Serhij Tihipko
Były wicepremier i prezes Narodowego Banku Ukrainy (na zdjęciu z małżonką), a także do niedawna wiceprzewodniczący Partii Regionów, który na skutek konfliktu wewnątrzpartyjnego został wykluczony z jej szeregów. Teraz ten 54-letni prawnik startuje jako kandydat niezależny.
Tihipko uznawany był za dość umiarkowanego i relatywnie liberalnego polityka Partii Regionów. Dziś cieszy się na wschodzie Ukrainy o wiele większym poparciem niż oficjalny kandydat tego ugrupowania Mychajło Dobkin.
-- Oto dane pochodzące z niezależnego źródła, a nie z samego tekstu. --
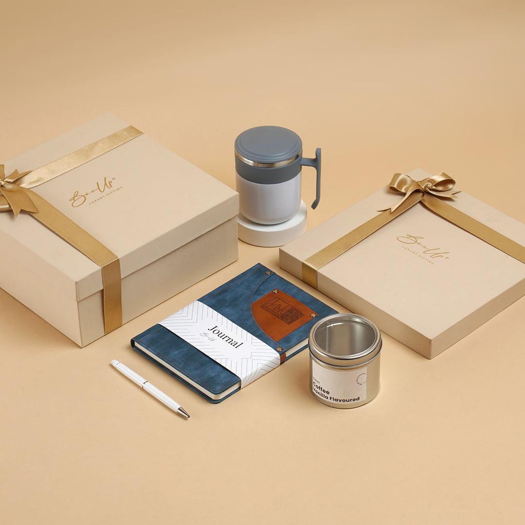 This hamper is perfect for the office as it preps the employees for all the important meetings! Brew a warm batch of heavenly Vanilla flavored coffee, have it in a mug with a lid, and then prep for the meeting by taking notes down in the denim-covered notebook. Keep your employees alert and caffeinated with this hamper.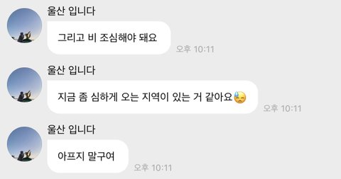 다행히 우리 지역은 비 멈췄는데 비 많이 오는 지역 조심해야해!!!! 그리구 울산 간 준표들두 올라올 때 조심히 올라와!!♡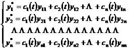 Let y 11 , y 21,, y n 1 ; y 12 , y 22 , , y n 2 ; ; y 1 n , y 2 n , , y nn be n of the corresponding system of homogeneous linear differential equations linearly independent solutions . Then a particular solution y 1 *, y 2 *, , y n * of the inhomogeneous system of linear equations can be determined by the following form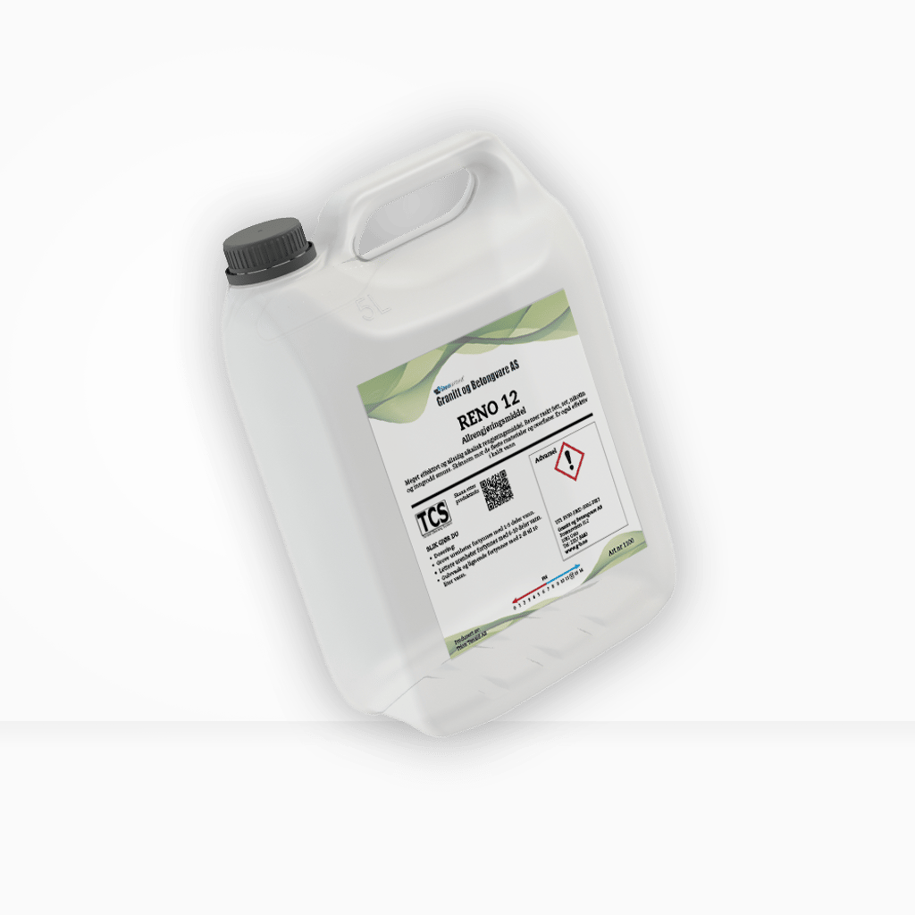 Allrengjøring alkalisk Reno12 er svært effektivt og allsidig alkalisk rengjøringsmiddel. Rengjør raskt fett, sot, nikotin og inngrodd smuss. Skånsom mot de fleste materialer og overflater. Raskt biologisk nedbrytbar. Er også effektivt i kaldt vann.

Jest przeciwko odłączeniu się południowego-wschodu od kraju i potępia prorosyjskich separatystów, ale jednocześnie opowiada się za silną decentralizacją regionów i podniesieniem rangi języka rosyjskiego.
Były wicepremier startował już w wyborach prezydenckich w 2010 roku zdobywając 13,05 proc. głosów, co było wtedy trzecim wynikiem - więcej głosów zdobyli tylko Wiktor Janukowycz i Julia Tymoszenko. Dziś sondaże również dają mu trzecie miejsce, ale poniżej 10 proc. poparcia. Na drugą turę ma małe szanse, aczkolwiek jego wyborcy mogą okazać się kluczowi w ewentualnej wyborczej dogrywce.